**Your instructions**. Exactly retype the lines below from the one containing "Black Platform Top" through the end of the listing. Leave pictures out.

**Collected data**.
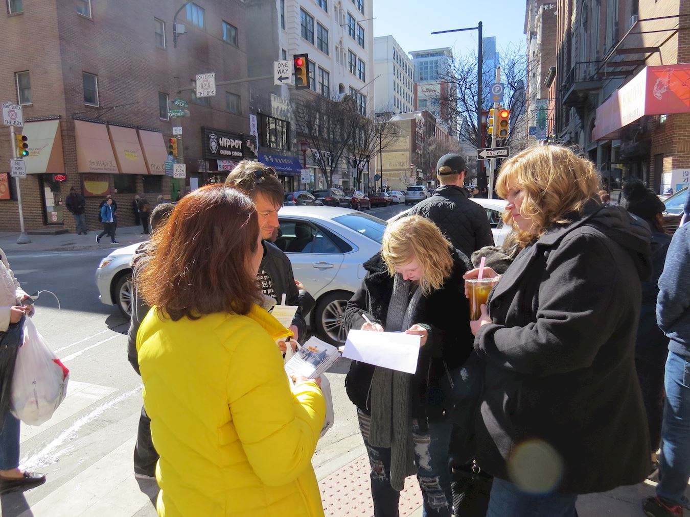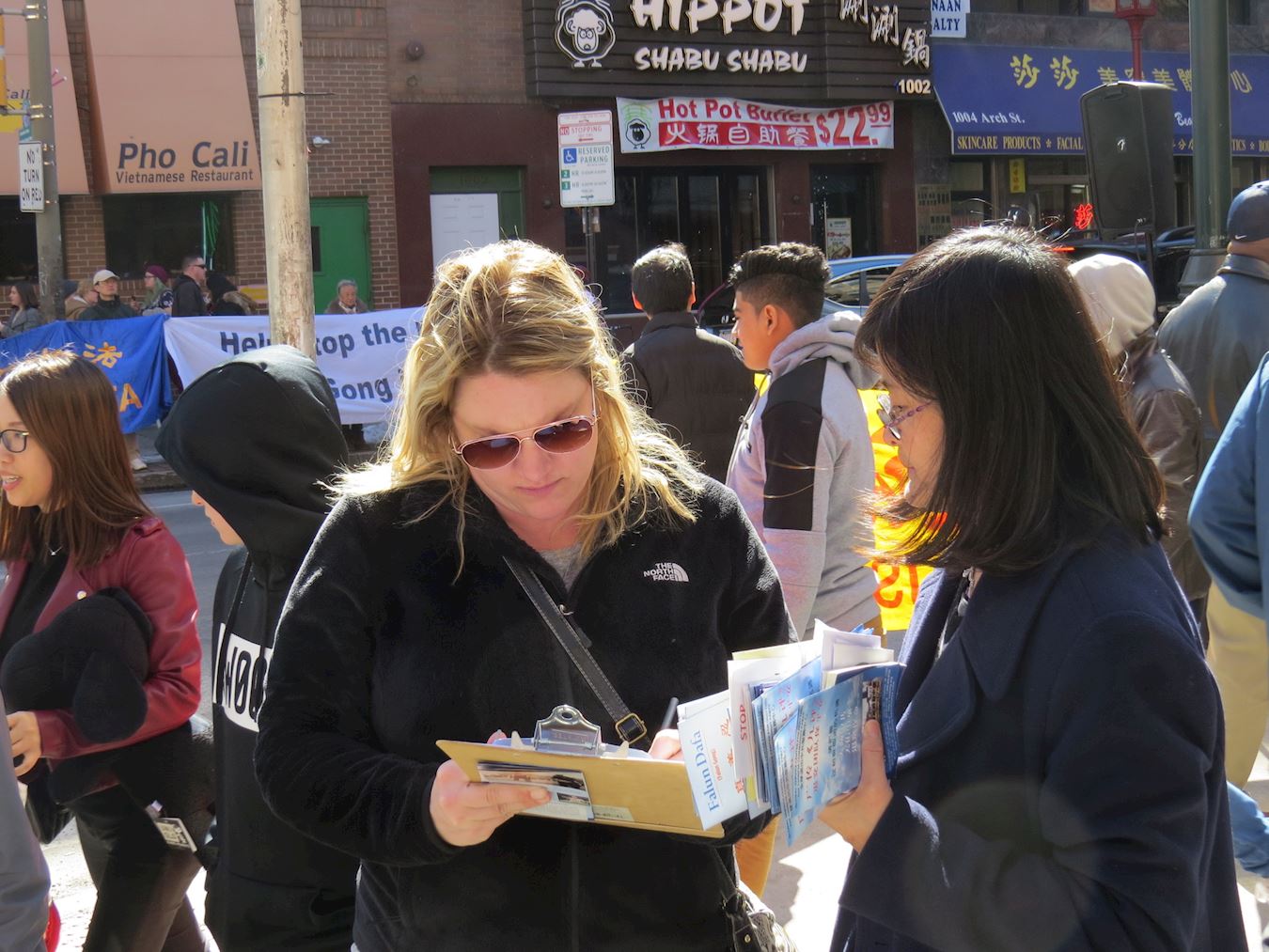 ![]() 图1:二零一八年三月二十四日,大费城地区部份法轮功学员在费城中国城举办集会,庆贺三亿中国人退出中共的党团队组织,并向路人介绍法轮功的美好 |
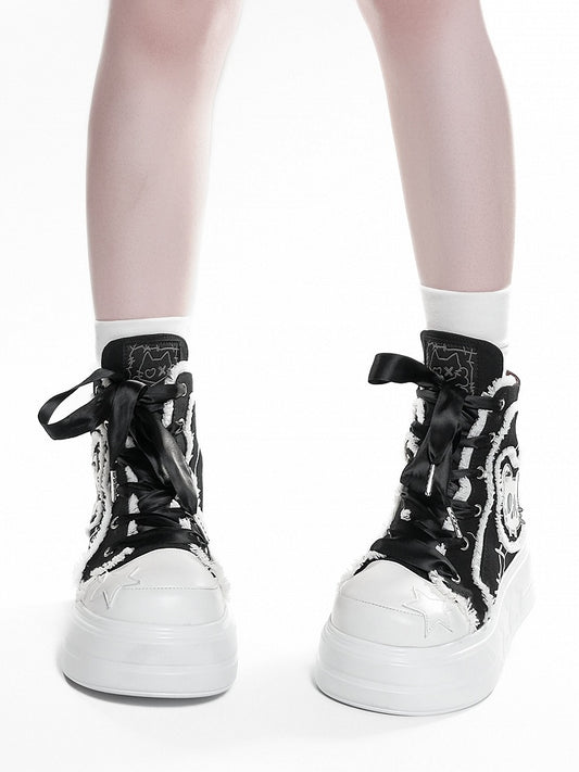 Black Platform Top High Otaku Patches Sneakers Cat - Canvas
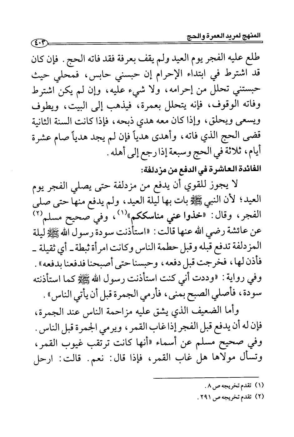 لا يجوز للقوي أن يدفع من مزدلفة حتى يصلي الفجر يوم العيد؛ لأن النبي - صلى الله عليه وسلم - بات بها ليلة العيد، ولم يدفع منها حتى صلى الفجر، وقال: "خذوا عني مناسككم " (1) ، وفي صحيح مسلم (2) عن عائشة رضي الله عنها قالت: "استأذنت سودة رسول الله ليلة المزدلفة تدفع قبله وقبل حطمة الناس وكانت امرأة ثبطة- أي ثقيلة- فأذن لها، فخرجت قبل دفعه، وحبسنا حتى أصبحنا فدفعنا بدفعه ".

**Answer section**.
 Black Platform Top High Otaku Patches Sneakers Cat - Canvas
 لا يجوز للقوي أن يدفع من مزدلفة حتى يصلي الفجر يوم العيد؛ لأن النبي - صلى الله عليه وسلم - بات بها ليلة العيد، ولم يدفع منها حتى صلى الفجر، وقال: "خذوا عني مناسككم " (1) ، وفي صحيح مسلم (2) عن عائشة رضي الله عنها قالت: "استأذنت سودة رسول الله ليلة المزدلفة تدفع قبله وقبل حطمة الناس وكانت امرأة ثبطة- أي ثقيلة- فأذن لها، فخرجت قبل دفعه، وحبسنا حتى أصبحنا فدفعنا بدفعه ".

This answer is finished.